# [Problem requirements]
Find all lines below containing the string "Ottignies" and return them.
Start of Exercise materials
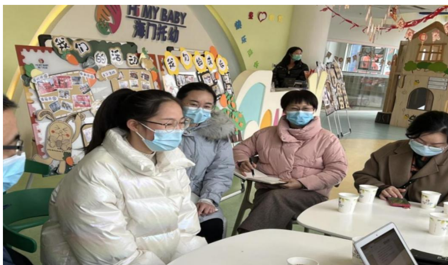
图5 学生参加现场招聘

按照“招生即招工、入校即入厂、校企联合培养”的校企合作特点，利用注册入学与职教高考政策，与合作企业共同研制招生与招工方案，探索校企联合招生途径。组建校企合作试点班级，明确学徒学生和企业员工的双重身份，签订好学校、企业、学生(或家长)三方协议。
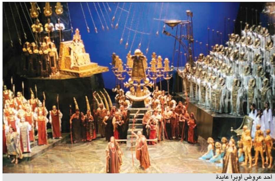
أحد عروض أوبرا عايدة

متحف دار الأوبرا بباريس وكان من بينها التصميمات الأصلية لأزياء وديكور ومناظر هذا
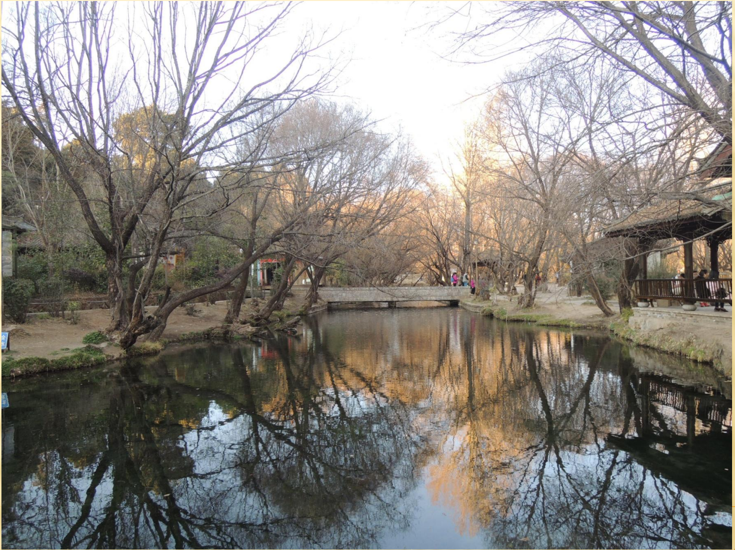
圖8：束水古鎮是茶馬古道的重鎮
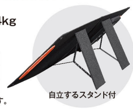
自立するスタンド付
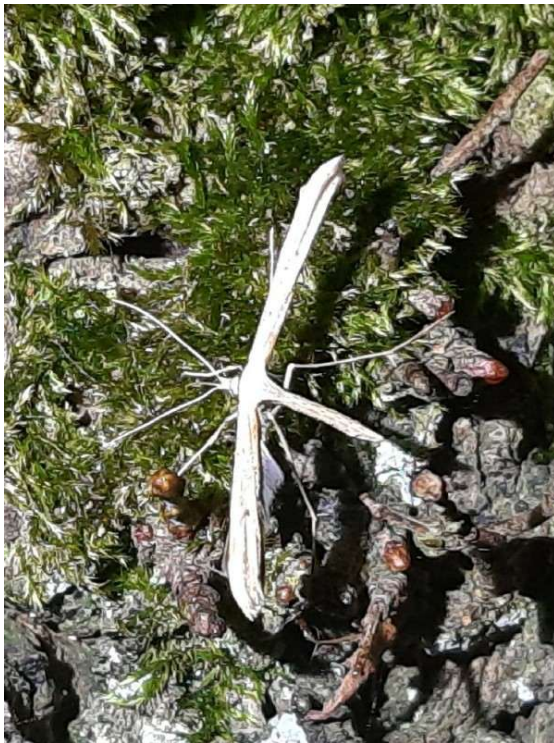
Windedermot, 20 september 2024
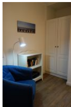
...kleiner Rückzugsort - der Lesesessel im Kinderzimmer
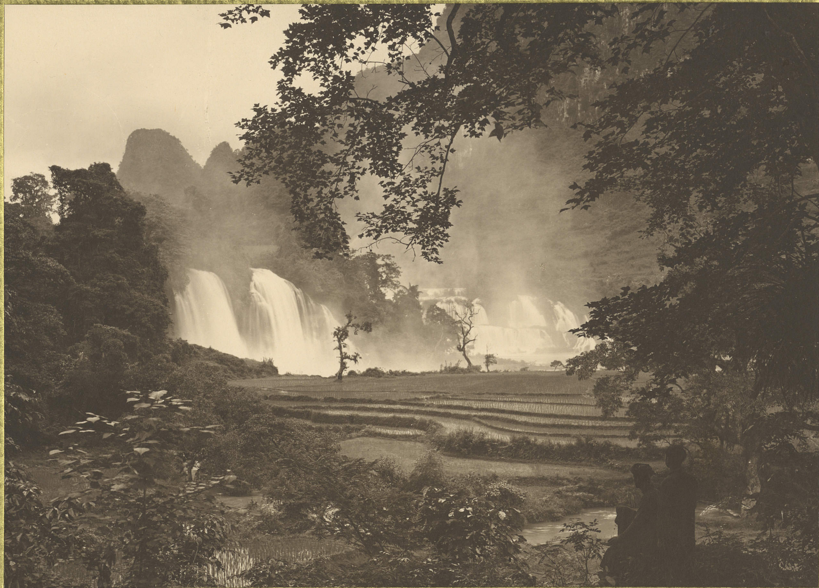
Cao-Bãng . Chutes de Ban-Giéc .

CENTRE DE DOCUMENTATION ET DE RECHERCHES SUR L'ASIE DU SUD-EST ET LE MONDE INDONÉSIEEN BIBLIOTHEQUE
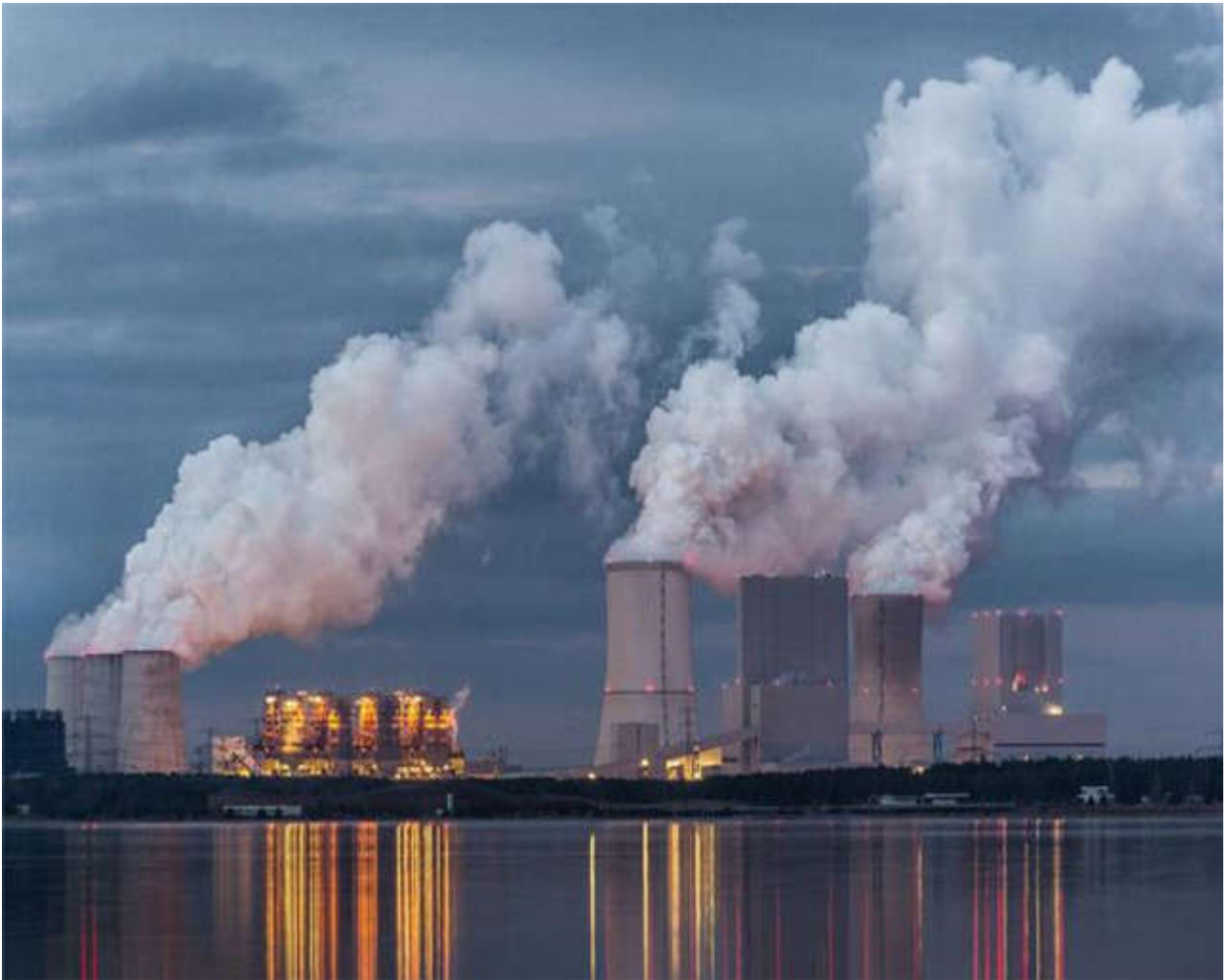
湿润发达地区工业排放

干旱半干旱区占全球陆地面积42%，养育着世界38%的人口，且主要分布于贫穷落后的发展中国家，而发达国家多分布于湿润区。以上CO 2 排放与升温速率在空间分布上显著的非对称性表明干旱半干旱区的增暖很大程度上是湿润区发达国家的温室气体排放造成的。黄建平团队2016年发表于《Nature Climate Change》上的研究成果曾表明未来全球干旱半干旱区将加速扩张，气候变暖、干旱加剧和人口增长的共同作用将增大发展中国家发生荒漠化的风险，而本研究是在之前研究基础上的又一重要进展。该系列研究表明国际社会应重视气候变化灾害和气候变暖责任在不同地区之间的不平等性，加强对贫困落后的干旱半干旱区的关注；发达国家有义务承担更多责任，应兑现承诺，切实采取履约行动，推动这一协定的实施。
End of Exercise materials
Start of Exercise materials
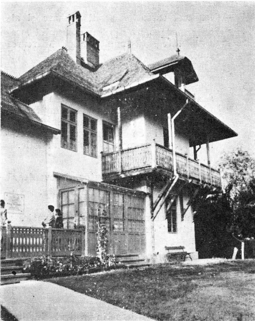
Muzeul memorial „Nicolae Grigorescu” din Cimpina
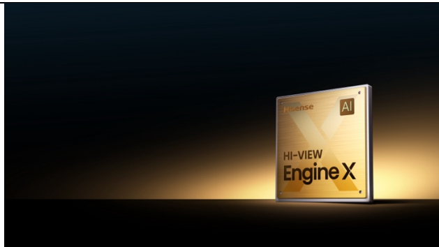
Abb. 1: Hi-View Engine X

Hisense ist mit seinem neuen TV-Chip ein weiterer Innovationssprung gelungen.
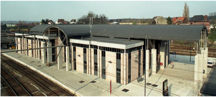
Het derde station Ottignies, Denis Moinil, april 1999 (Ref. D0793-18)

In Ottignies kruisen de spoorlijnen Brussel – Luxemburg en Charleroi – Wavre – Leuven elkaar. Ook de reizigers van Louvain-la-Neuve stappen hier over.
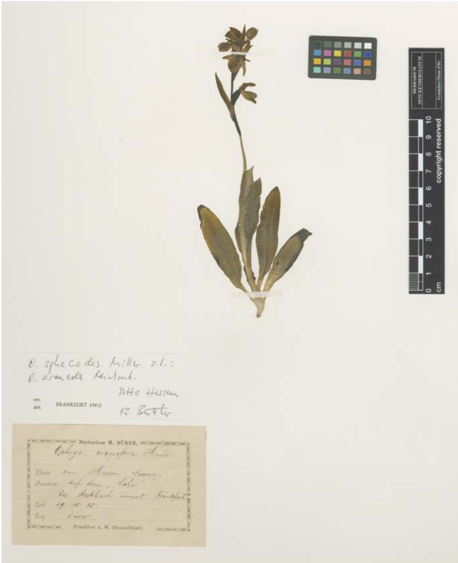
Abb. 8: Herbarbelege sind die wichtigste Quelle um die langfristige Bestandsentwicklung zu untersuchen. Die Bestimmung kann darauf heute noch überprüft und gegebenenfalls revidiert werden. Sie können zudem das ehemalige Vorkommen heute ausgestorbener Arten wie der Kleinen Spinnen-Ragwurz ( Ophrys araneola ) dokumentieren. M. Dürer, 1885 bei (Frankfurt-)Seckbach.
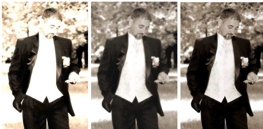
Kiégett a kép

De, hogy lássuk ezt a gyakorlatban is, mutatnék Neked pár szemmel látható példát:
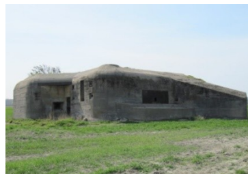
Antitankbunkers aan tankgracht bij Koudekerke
End of Exercise materials
Start of Exercise materials
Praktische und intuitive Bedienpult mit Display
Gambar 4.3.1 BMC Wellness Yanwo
End of Exercise materials
# [Response area]
Het derde station Ottignies, Denis Moinil, april 1999 (Ref. D0793-18)
In Ottignies kruisen de spoorlijnen Brussel – Luxemburg en Charleroi – Wavre – Leuven elkaar. Ook de reizigers van Louvain-la-Neuve stappen hier over.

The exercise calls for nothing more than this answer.